The National Social Security Fund (NSSF) has today (Nov. 13) unveiled a master plan for the construction of 2, 741 housing units in Lubowa estate, which it acquired 10 years ago.

When development starts, later in 2014, it will be the first investment on the estate that was bought in 2003.

“We have gained because the land has appreciated in terms of value but we have also lost some opportunities because we did not invest early,” Richard Byarugaba, the Fund’s managing director told a press conference at the estate on Nov. 13, adding the officials then acquired each plot (100ft by 100ft) at Shs 50 million each, but the value of the same has now jumped to over Shs 400 million.

He said the development of the estate is in line with the Fund’s continued efforts to give its members a competitive return on their savings.

The real estate project, which will take 10 years, will be developed on the Fund’s 565 acres of land along Entebbe and will be one of the most upmarket housing estates in Uganda.

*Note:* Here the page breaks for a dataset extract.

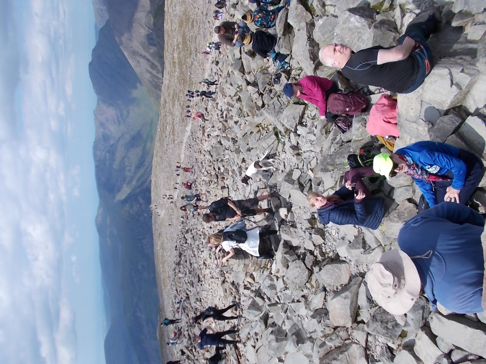 This was an early start for the group as we were going to climb Croagh Patrick, which is the fourth highest mountain in the province and an important climb for pilgrims to make in honour of St Patrick. The bus to our start point in Murrisk was at 8:42, with the next bus not being for another 3 hours which would have meant that we would still be on the mountain as it would be getting dark. On arrival in Murrisk we paused for a group photo with the mountain in the background. Unfortunately the top of the mountain could not be seen due to the low cloud. The start of the footpath heading upwards towards the mountain was wide and tarmacked; this soon led to a steep set of steps but still quite easy to manage, but as we passed the statue of St Patrick and a warning sign informing climbers that if they were struggling they should turn back, the steps ended and the path become a clearly marked but stony path which was quite steep. We were passed by several fell runners as we continued our journey upwards, and when we entered into the clouds that were surrounding the top of the mountain, the path then became very steep, leading to a couple of the group deciding to turn back. The rest continued onwards and upwards, finally arriving at St Patrick's Oratory at the summit after the 2507 ft climb. The weather and visibility had now worsened, so after posing for photos at the top we made our way back down the same way as going up instead of completing the planned circular route. The very same bus and driver arrived to take us back from Murrisk and on arrival in Westport the bus driver asked the passengers to give us a cheer for managing to climb Crough Patrick. We were all a little wet after the day's adventure. After a quick change of clothes the group headed out for a few more pints of Guinness and musical entertainment.

The project is planned as a mixed use development with residential housing, commercial facilities inclusive of office parks, retail, school, hospital among other developments. The housing units that will be constructed are apartments, town houses, Bungalows and Villas, which are suitable for middle to high income earners.

Byarugaba said the houses will be sold on the open market to both the Fund members and the general public.

The project will be implemented in 10 phases and has received approval from all the authorities concerned.

The real estate portfolio holds the least of the Fund’s investment, but Byarugaba is optimistic that the increasing number of foreign investors jetting in the country and the developments happening in the oil sector among other factors will boost the sector going forward.

In the past three years, the Fund has doubled its assets from Shs 1.7 trillion in 2010/11 to Shs 3.4 trillion in 2012/13. Up to 81% (Shs 2.8 trillion) of the Fund is currently held in fixed income securities, while the real estate investments account for only 12% (Shs 405 billion) and Shs 259 billion is held in equities.

Last month, the Fund increased interest rate payable to members to 11.23% from 10% the previous financial year as a result of improved performance, according to Byarugaba.